WORK REQUEST> I'd like the listing below copied exactly, with the images left out.

GIVEN INFORMATION>
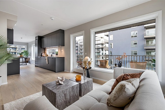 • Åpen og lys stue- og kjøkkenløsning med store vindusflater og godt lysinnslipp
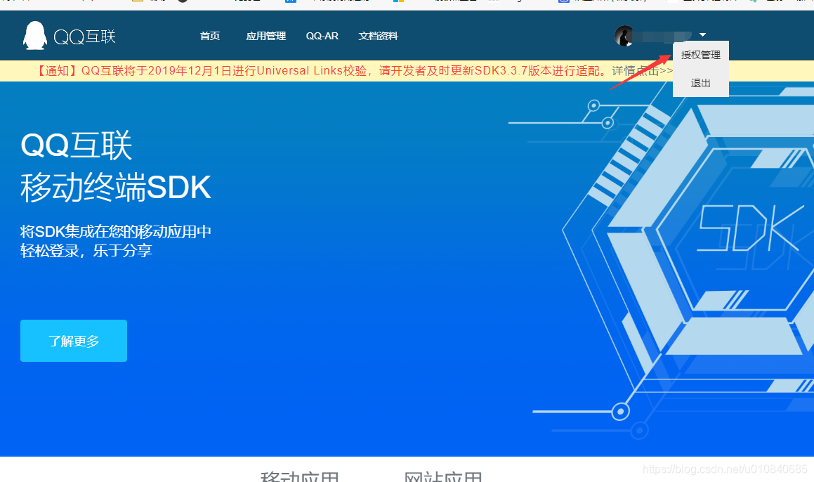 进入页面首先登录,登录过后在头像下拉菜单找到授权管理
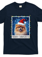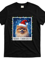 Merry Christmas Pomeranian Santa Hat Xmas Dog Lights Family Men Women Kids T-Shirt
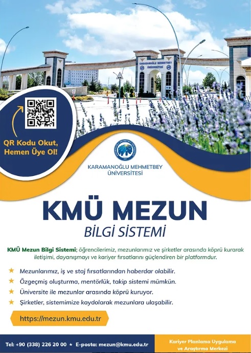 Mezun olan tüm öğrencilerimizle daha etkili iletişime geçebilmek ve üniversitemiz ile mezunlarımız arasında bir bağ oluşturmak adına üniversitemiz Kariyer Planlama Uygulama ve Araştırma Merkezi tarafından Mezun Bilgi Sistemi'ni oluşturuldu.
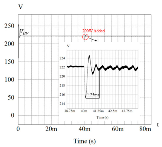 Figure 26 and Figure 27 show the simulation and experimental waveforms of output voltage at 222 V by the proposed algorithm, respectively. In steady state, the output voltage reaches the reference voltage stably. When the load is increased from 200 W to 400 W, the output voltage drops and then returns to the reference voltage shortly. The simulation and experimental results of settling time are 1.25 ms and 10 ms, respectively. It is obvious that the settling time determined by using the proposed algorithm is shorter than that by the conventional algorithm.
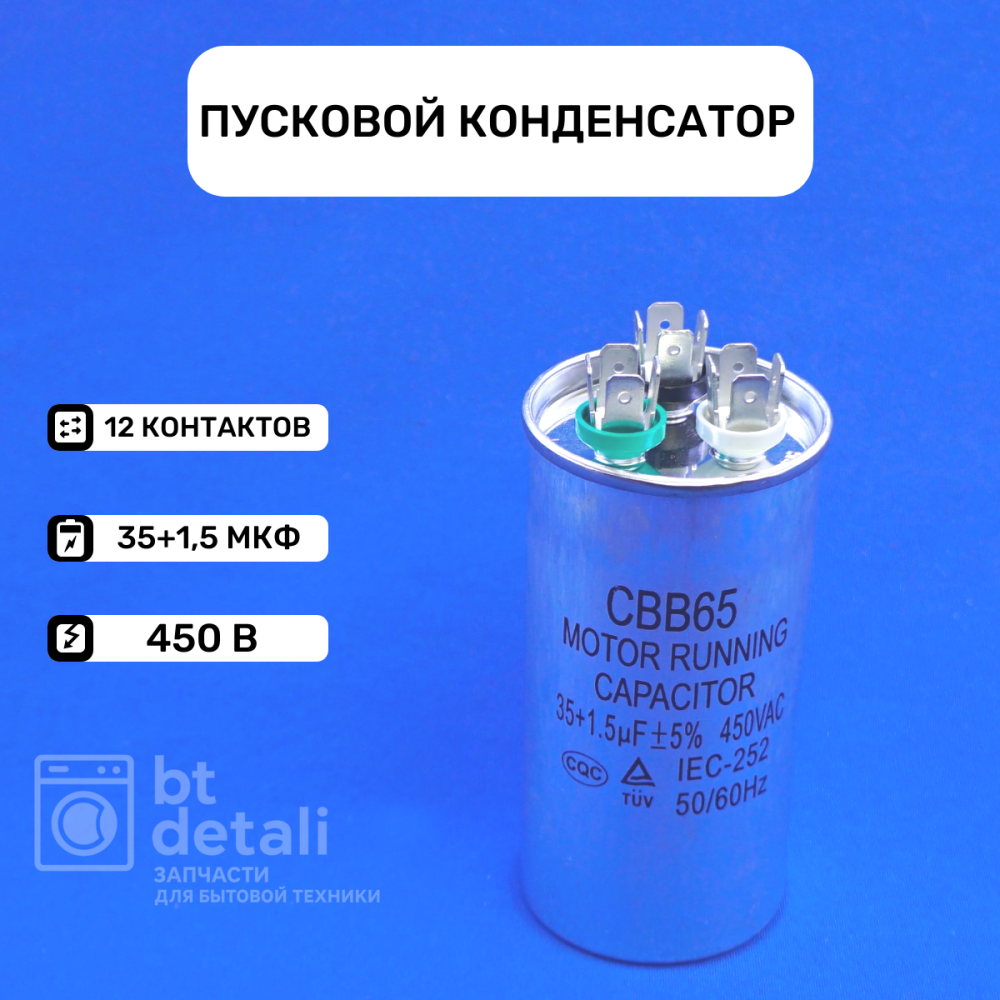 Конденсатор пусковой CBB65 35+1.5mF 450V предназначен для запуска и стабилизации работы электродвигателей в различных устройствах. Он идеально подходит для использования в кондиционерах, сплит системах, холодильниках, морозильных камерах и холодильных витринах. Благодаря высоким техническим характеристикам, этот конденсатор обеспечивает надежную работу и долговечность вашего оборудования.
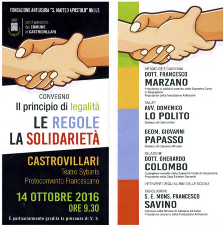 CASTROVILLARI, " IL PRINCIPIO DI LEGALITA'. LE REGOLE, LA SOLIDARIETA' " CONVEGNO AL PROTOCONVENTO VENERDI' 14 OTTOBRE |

SOLVED PROBLEM>
 • Åpen og lys stue- og kjøkkenløsning med store vindusflater og godt lysinnslipp
 进入页面首先登录,登录过后在头像下拉菜单找到授权管理
 Merry Christmas Pomeranian Santa Hat Xmas Dog Lights Family Men Women Kids T-Shirt
 Mezun olan tüm öğrencilerimizle daha etkili iletişime geçebilmek ve üniversitemiz ile mezunlarımız arasında bir bağ oluşturmak adına üniversitemiz Kariyer Planlama Uygulama ve Araştırma Merkezi tarafından Mezun Bilgi Sistemi'ni oluşturuldu.
 Figure 26 and Figure 27 show the simulation and experimental waveforms of output voltage at 222 V by the proposed algorithm, respectively. In steady state, the output voltage reaches the reference voltage stably. When the load is increased from 200 W to 400 W, the output voltage drops and then returns to the reference voltage shortly. The simulation and experimental results of settling time are 1.25 ms and 10 ms, respectively. It is obvious that the settling time determined by using the proposed algorithm is shorter than that by the conventional algorithm.
 Конденсатор пусковой CBB65 35+1.5mF 450V предназначен для запуска и стабилизации работы электродвигателей в различных устройствах. Он идеально подходит для использования в кондиционерах, сплит системах, холодильниках, морозильных камерах и холодильных витринах. Благодаря высоким техническим характеристикам, этот конденсатор обеспечивает надежную работу и долговечность вашего оборудования.
 CASTROVILLARI, " IL PRINCIPIO DI LEGALITA'. LE REGOLE, LA SOLIDARIETA' " CONVEGNO AL PROTOCONVENTO VENERDI' 14 OTTOBRE |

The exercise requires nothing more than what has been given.